I was wondering can I just cut out my designs instead of using a machine to do it for me? 

Can I iron on vinyl?

can i use something like Cricut Decor Vinyl Adhesive, Peacock Blue?


----------



## jean518 (Sep 23, 2009)

Maybe if you are really good with an exacto knife. Don't know if you can get enough heat and pressure out of a household iron to get good permanent adhesion. Most vinyl temp start at 320 and go up from there. They have dwell times that range from 8 to 20 or so varying with the vinyl. Medium to heavy pressure is normally required. Since the heat surface of an iron is rather small, you would not be able to heat the whole surface at the same time. Depending on whether the vinyl is a hot or cold peel, you probably would just be asking for problems. 

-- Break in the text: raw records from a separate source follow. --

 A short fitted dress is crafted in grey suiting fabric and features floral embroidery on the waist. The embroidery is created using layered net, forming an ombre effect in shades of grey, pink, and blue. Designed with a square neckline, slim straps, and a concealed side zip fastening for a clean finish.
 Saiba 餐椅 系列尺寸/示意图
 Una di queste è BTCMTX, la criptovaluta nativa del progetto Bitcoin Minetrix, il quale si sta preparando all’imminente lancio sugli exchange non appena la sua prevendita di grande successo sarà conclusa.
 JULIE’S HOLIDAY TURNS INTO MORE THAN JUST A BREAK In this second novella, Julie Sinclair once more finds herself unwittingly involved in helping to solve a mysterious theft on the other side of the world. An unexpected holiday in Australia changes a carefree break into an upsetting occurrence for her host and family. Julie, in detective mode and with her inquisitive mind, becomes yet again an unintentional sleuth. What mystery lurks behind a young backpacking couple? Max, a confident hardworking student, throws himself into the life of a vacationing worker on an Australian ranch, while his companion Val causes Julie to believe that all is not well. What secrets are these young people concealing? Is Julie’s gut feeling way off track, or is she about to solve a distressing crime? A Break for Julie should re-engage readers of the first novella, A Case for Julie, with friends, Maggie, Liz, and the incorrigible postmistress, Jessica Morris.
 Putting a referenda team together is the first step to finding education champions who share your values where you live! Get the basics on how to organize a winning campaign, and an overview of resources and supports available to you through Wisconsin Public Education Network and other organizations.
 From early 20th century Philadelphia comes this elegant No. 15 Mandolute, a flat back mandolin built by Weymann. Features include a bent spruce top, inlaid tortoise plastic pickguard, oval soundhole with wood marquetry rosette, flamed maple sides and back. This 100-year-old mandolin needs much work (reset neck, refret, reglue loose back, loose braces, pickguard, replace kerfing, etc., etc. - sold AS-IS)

While it may be possible to do what you asked, it is not plausible.


----------



## FatKat Printz (Dec 26, 2008)

LOLDiLOL said:


> I was wondering can I just cut out my designs instead of using a machine to do it for me?
> 
> Can I iron on vinyl?
> 
> can i use something like Cricut Decor Vinyl Adhesive, Peacock Blue?


Do you have a Cricut??


----------



## LOLDiLOL (Nov 13, 2010)

no i do not


----------



## FatKat Printz (Dec 26, 2008)

Ok, that type of (cricut) vinyl will not work on t-shirts you need heat press vinyl. 
Some have instructions to use an iron.. 

from your other posts.. can you tell us a little bit what you are trying to maybe we can help with a more economical way for you move ahead??


----------



## Nick Horvath (Feb 26, 2010)

I would definately agree. We do not recommend using a household iron to heat apply vinyl either.

There are inexpensive cutters available as well as inexpensive heat seal machines.

Check the preferred vendors area and see if something fits your prince range.


----------